那日剩下的时间他没有再让她研墨递水,他坐在案后批阅文书,她站在侧面把一沓旧文书重新按日期排了序。两个人各做各的事,书房里只有纸页翻动和笔尖走纸的声响。日光从高窗照进来慢慢移过地面,把那道亮线从西墙挪到了东墙,又慢慢淡下去。傍晚时分她收拾好东西准备退出去的时候他开口叫住了她。
“你明日不用来书房了。”
她站在门槛边回头,他坐在书案后面被最后一抹暮光拢着,侧脸在余晖里被描了一道暖边。他说完那句话之后没有抬头看她,可他的声音从书案那边传过来:“西偏院后面的佛堂,你去守着,每日添一次灯油,换一次清水。”
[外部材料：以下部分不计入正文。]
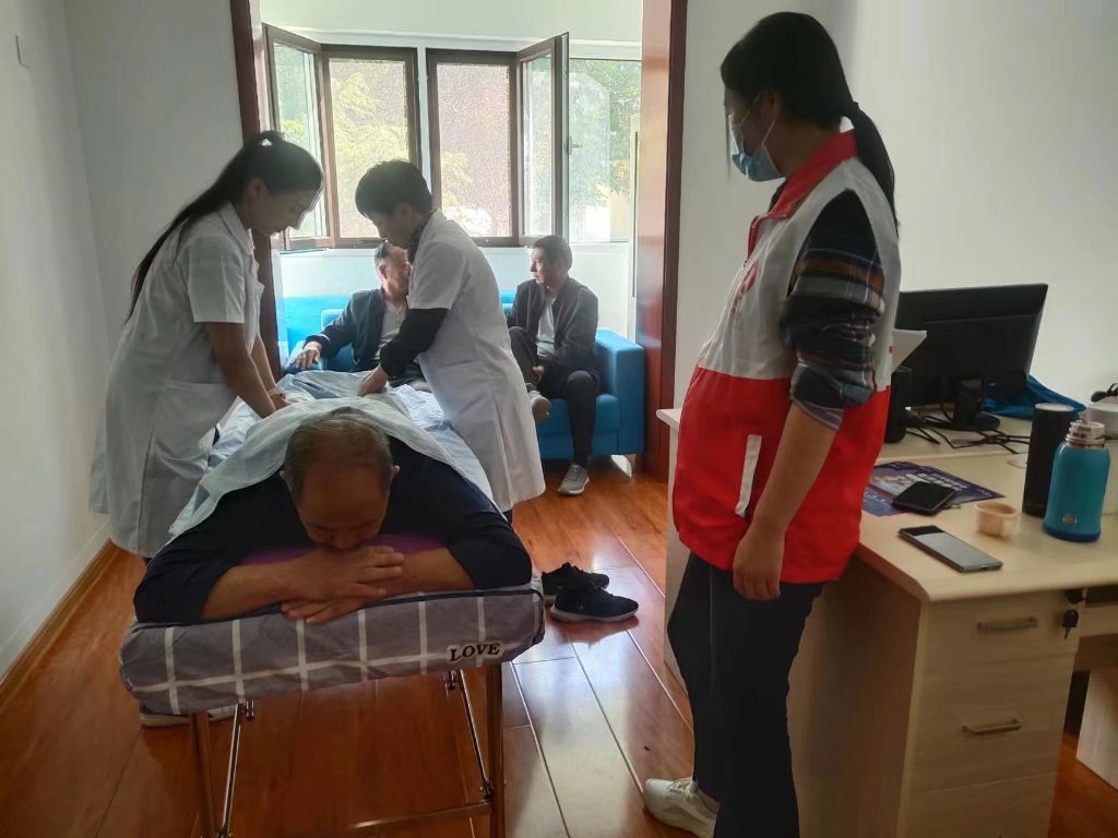 推拿理疗体验。中医学指出气血和睦、气血温煦、经脉通畅。长期推拿可以达到疏通经络、推行气血、扶伤止痛、祛邪扶正、调和阴阳的疗效。工作人员向老人介绍了简单的穴位按摩、日常疾病预防,在简单了解老人身体情况后进行了肩、颈、腰等部位的推拿按摩,赢得了老人的一致好评。
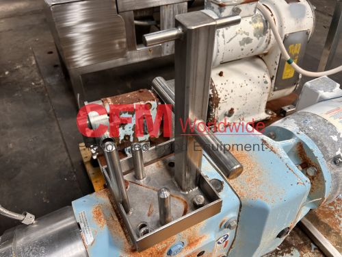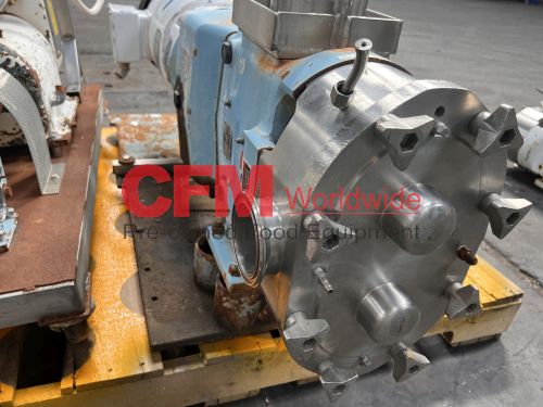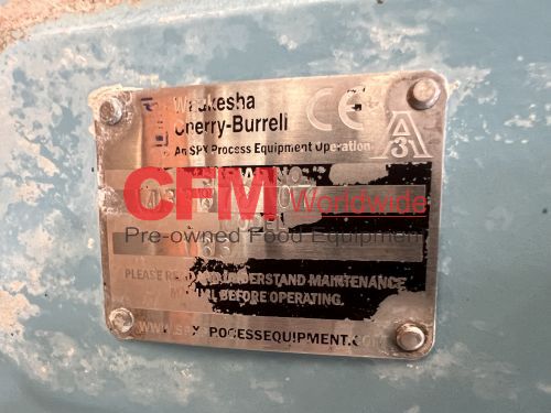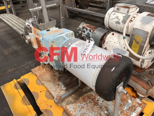 Waukesha model 133 positive displacement pump, stainless steel contact, 3" aseptic fittings, 10hp gearhead  direct drive with a Waukesha gearbox, 1770 rpm, 230/460/3/60, serial number 433878-07, as is, good condition.

她应了一声,走出书房的时候暮色正从廊檐外铺进来,把回廊的地砖染成暖橘色。她走过那盏被银灰锦袍男人提过的“燃廊”时停了一步,廊下确实挂着一盏铜灯,灯罩被擦得锃亮,灯芯是新换的,灯油注满了。
她的手垂在身侧,左腕那道疤被袖口严严实实地遮着,隔着衣料摸不出它的轮廓了。她在灯下站了一息,然后继续往前走了。她没有回头,可她知道那盏灯会在入夜之后被点亮,暖黄的光会透过灯罩在廊下铺开一小片温热的亮。
她走过月洞门的时候夜风迎面扑来,把她鬓角散落的碎发吹起来又放下,她抬手别到耳后,指腹擦过耳垂的时候碰到了一点微凉的触感,不知是什么时候沾上的,也许是研墨时溅到的墨点,也许是别的什么。
她收回手继续往西偏院走,身后那盏灯被点亮了,暖黄的光从廊下漫过来,在她经过的夹道尽头投了一小片模糊的亮。她没有回头,可她的步子在经过那片亮光边缘的时候微微慢了那么一瞬,像是被什么看不见的东西拽了一下衣角,随即又恢复了原有的节奏,不紧不慢地走进了更深一层的暮色里。